The Secret Life of AWS: The Watchtower

 

The Secret Life of AWS: The Watchtower

You cannot manage what you cannot measure: A guide to Metrics, Logs, and Alarms.





Part 12 of The Secret Life of AWS

Timothy leaned back in his chair, feet up on the desk. The room was quiet.

"I am done," he announced. "The system is built. The functions trigger, the state machine coordinates, and the database stores. I can finally relax."

Margaret walked over and tapped a stack of papers on his desk. "Is the system working, Timothy?"

"Of course," Timothy said. "I tested it yesterday."

"Is it working right now?" Margaret asked. "Is the database CPU high? Did the last three payments fail? Is the inventory function timing out?"

Timothy hesitated. "I... I assume so. No one has complained."

"Hope is not a strategy," Margaret said, pulling him out of the chair. "You cannot manage what you cannot measure."

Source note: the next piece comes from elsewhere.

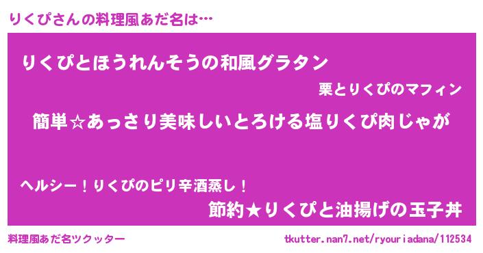 | 意味不明あだ名 | 『永久保存りくぴ』『もやし科りくぴ属』 |

She led him to the chalkboard. "Today, we discuss AWS CloudWatch. It is the eyes and ears of your infrastructure."

Metrics (The Numbers)

Margaret drew a simple graph on the board—a line trending upwards.

"First," she said, "we have Metrics. These are numerical data points that AWS collects automatically over time."

She listed a few examples:

  • CPUUtilization: How hard is the server working?
  • InvocationCount: How many times did your function run?
  • Duration: How long did the function take to finish?

"Think of this as the pulse," Margaret explained. "It tells you that something is happening, and how much of it is happening. If your 'Duration' metric suddenly jumps from 200ms to 10 seconds, you know you have a performance problem."

"So I have to check these graphs every minute?" Timothy asked.

"No," Margaret said. "That is what Alarms are for."

Alarms (The Threshold)

Margaret drew a red horizontal line across the top of the graph.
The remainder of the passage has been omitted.